Comparing density of countable infinite sets by examining the association

Question

The two questions that i am asking are in bold.

To be clear, i am talking about whole number here.

Having seen 3 is everywhere by Numberphile that shows that almost 100% of the whole the numbers have the digit three in them, i have been thinking of approaching the same problem from the different perspective:

We have the following method of generating numbers with 3:

Take any whole number without digit 3, add 3 to the left of it, and then keep adding whatever digits to the left of that 3 for as long as you want.

What this tells me is that i can generate infinite amount of numbers with 3 for each one number without 3. I can then trivially show that each infinite set of numbers with 3 was not double-counted (i.e. any 3 possessing number could have been generated for just 1 number without 3).

For me, this means the the question can then be restated as:

If you have an infinite set and a single number, and you randomly select a single number out of the superset, what are the chances of getting a single number?

However, i've been pointed out that because we are talking about sets both of which are infinite, then we have to take into account that you can divide the set of numbers without 3 into infinitely many subsets, each of which is infinite (which i cannot dispute).
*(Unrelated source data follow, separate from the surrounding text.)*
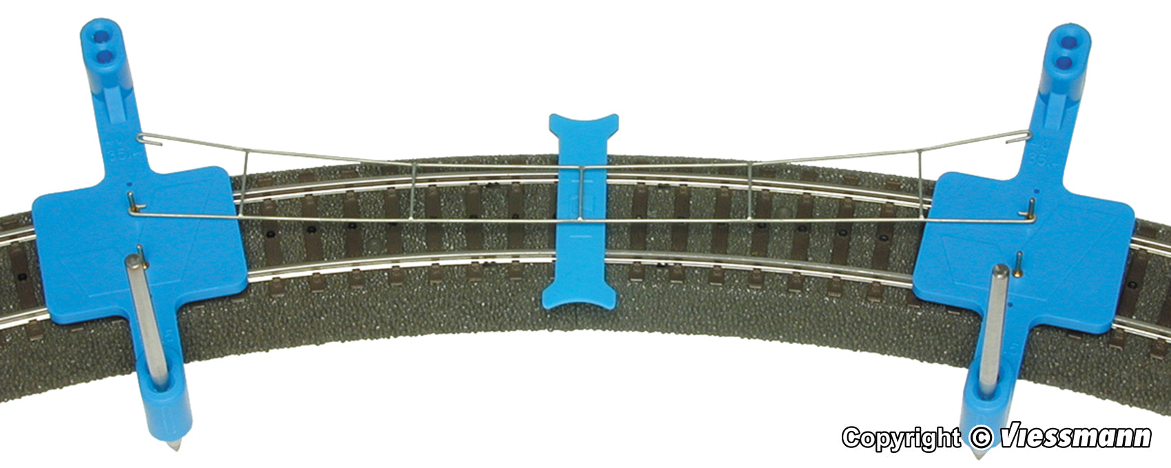 Mit dieser Mastpositionslehre können Sie die richtige Position Ihrer Oberleitungsmasten in Kurvenbereichen spielend leicht bestimmen. Die zusätzlich enthaltene Fahrdrahtabweichungslehre ermöglicht Ihnen eine Kontrolle der Abweichung des Fahrdrahtes von der Gleismitte. Dadurch ist sichergestellt, dass der Stromabnehmer immer Kontakt mit dem Fahrdraht hat.
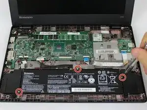 В этом руководстве описывается процесс снятия батареи в ноутбуке Lenovo 100s Chromebook-11IBY. Это позволит Вам заменить или обновить батарею.
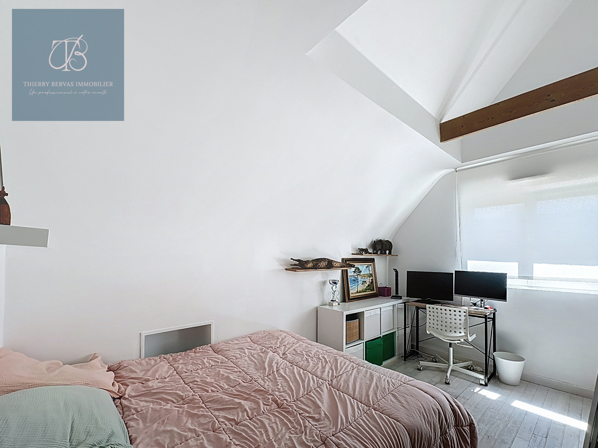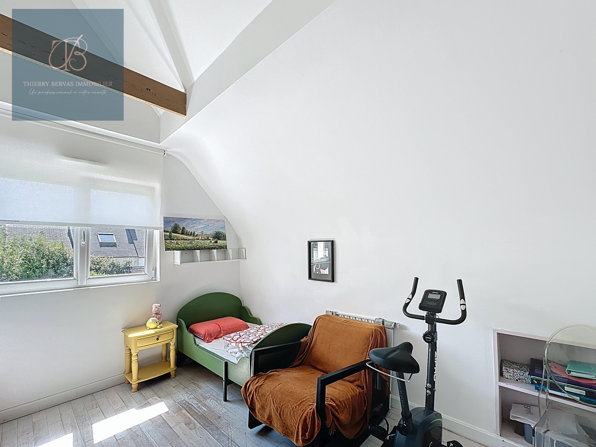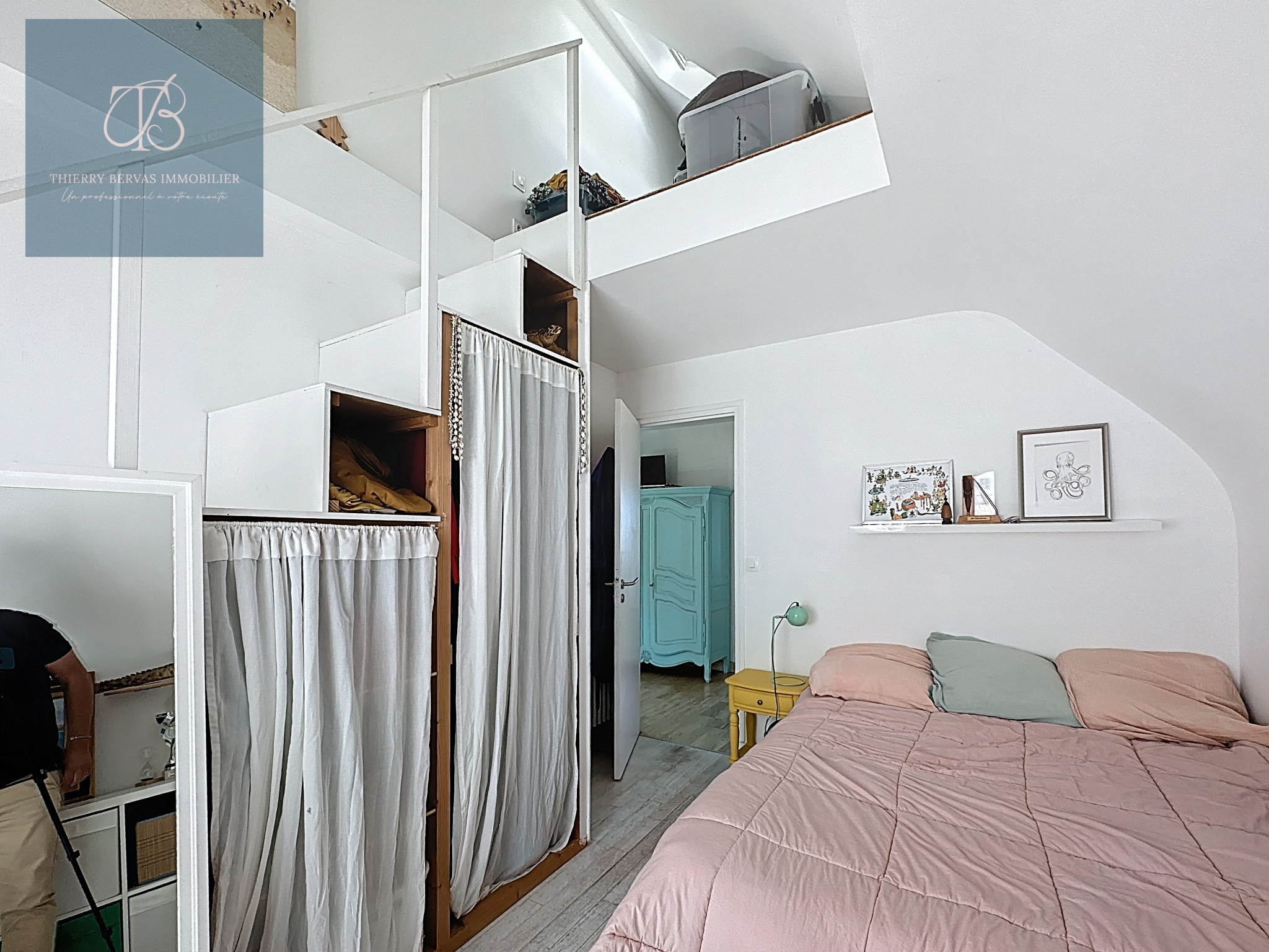 À l’étage, un palier dessert trois chambres, dont deux avec mezzanine, parfaites pour accueillir enfants, amis ou créer des espaces de travail. Une salle d’eau et un WC indépendant complètent ce niveau.
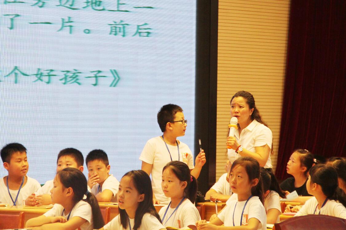 没有一点点防备,小营员们今早参与了一次别开生面的作文公开课。从平时在讲台下仔细听课的乖孩子,他们变成了众人的焦点,展示自己的语言天赋。带领孩子们走上舞台中心的是全国示范儿童文学研究会、全国中小学作文教学名师,苹果树下校长伍苹老师。苹果老师的课上的生动又活泼,小编发自内心为她点赞!谁说作文课就一定枯燥又无趣。
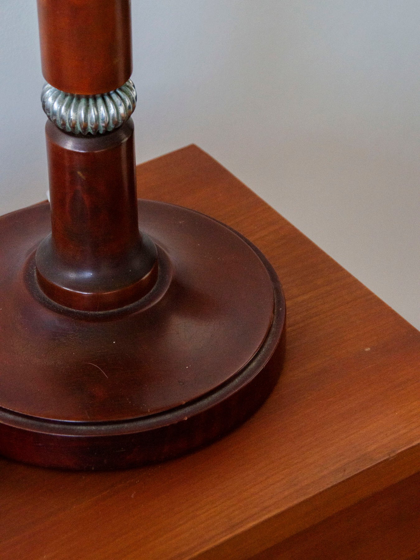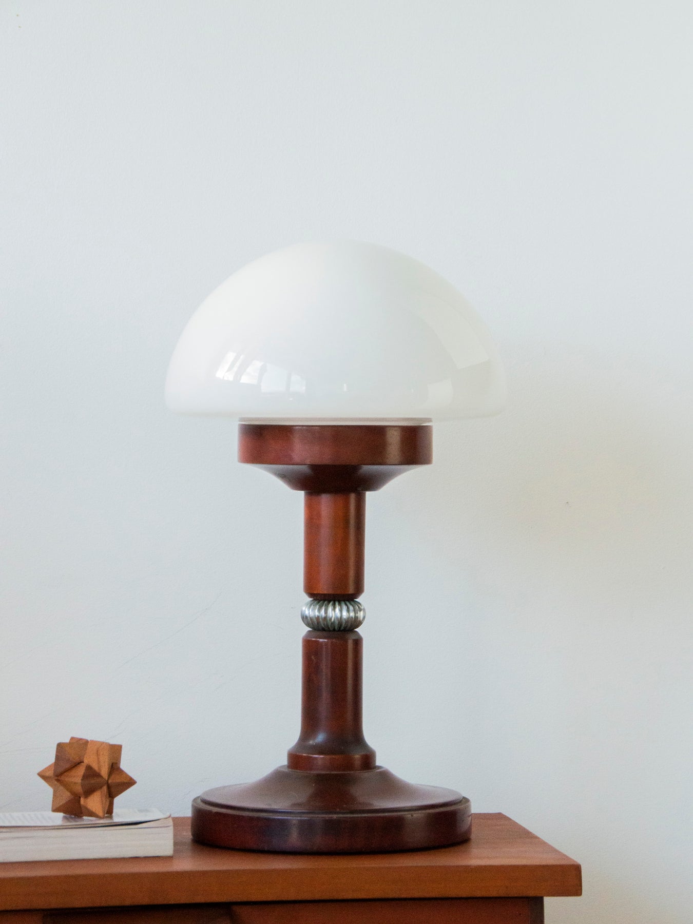 Elevate your interior with this 1970s mushroom lamp in solid teak and opaline glass, designed to add an elegant touch to a table or desk. Its clean lines and the use of fine materials—wood, glass, and sculpted metal at the center of the base—give it a character that is both understated and inviting. The opaline glass diffuses a soft light, ideal for a reading nook or for creating a cozy atmosphere. There is a very slight chip on the edge of the base, barely noticeable.

And thus there maybe a way to write my generation method in reverse, and if so, then the argument is internally contradictory.

The question then becomes: Is there anything preventing us from generating sets with numbers that have no digit 3, in such a way that each set is infinite, each of these sets can be associated with some number that has the digit 3, and no number without 3 is associated to more than one number that has 3?

Here is how i have attempted to reason about this question, but i maybe missing something.

1. The superset of numbers with 3 and the numbers without 3 is the set of all the whole numbers.
2. It has already been shown that numbers with 3 have some specific way to be associated with numbers without 3. Thus we can write each number with 3 as TyT₄T₃T₂3Nx…N₄N₃N₂N₁N₀ where N are digits that cannot be 3 and T are digits that can be 3.
3. Even with some other form of generating numbers in reverse, it must be possible to represent them this way.
4. If we allow infinite sets of numbers without 3 to be generated for each of the numbers with 3, then our x must go to infinity at some point.
5. But that would mean that we must allow to position at least one digit 3 past infinity, which is nonsense.

The second question then becomes: What is nonsense? My logic or the possibility of generating infinite number of infinite sets without number 3 for each number with 3 without double counting?

Answer 1

The problem with your reasoning is that you can apply it to any infinite set with infinite complement.

Let's do it with the set of odd numbers.

For any odd number, $n$, consider the set:

$$\{n,2n,4n,\dots,2^kn,\dots\}$$

By your argument, then, I can "pick a random whole number" by first picking one of these sets at random, and then picking randomly from the set. You'd get an odd number with probability zero, and thus the density of the odd numbers is zero.

More generally, let $X$ be the any infinite set of natural numbers so that $Y=\mathbb N\setminus X$ is also infinite. Write $X=\{x_1<x_2<\dots<x_n<\dots\}$ and $Y=\{y_1<y_2<\dots<y_n<\dots\}$.

Then we can get an infinite set of sets $$X_n = \left\{x_n,y_{2n-1},y_{2(2n-1)},\dots,y_{2^k(2n-1)},\dots\right\}$$

It's easy to show that $\bigcup_{n=1}^\infty X_n = X\cup Y=\mathbb N$, and each $y_N$ occurs in exactly one $X_n$. Given $y_N$, $N$ can be written uniquely as $2^kn_0$ where $n_0$ is odd, and then $y_N\in X_{\frac{n_0+1}{2}}$ and no other $X_i$.

So your argument would say that any infinite set with infinite complement has density zero.

In particular, this argument would mean that the set of whole numbers with $3$ in the digits is also density zero.

The intuitive error in your argument is that you can pick a random number from an infinite set with equal probability. That turns out to be impossible.

This is why we define the density of a set of whole numbers as a limit. That is, if $X$ is a set, then define $p_n(X)$ as the probability, when picking a random whole number from $1$ to $n$ that the number chosen is in $X$. Then we define the "density of $X$" as the limit:

$$d(X)=\lim_{n\to\infty} p_n(X)$$

when that limit exists. This measure is not really a "probability," but a limit. There is no nice way to express this value rigorously as a probability. Intuitively it is like a probability, but it is risky to treat it as one.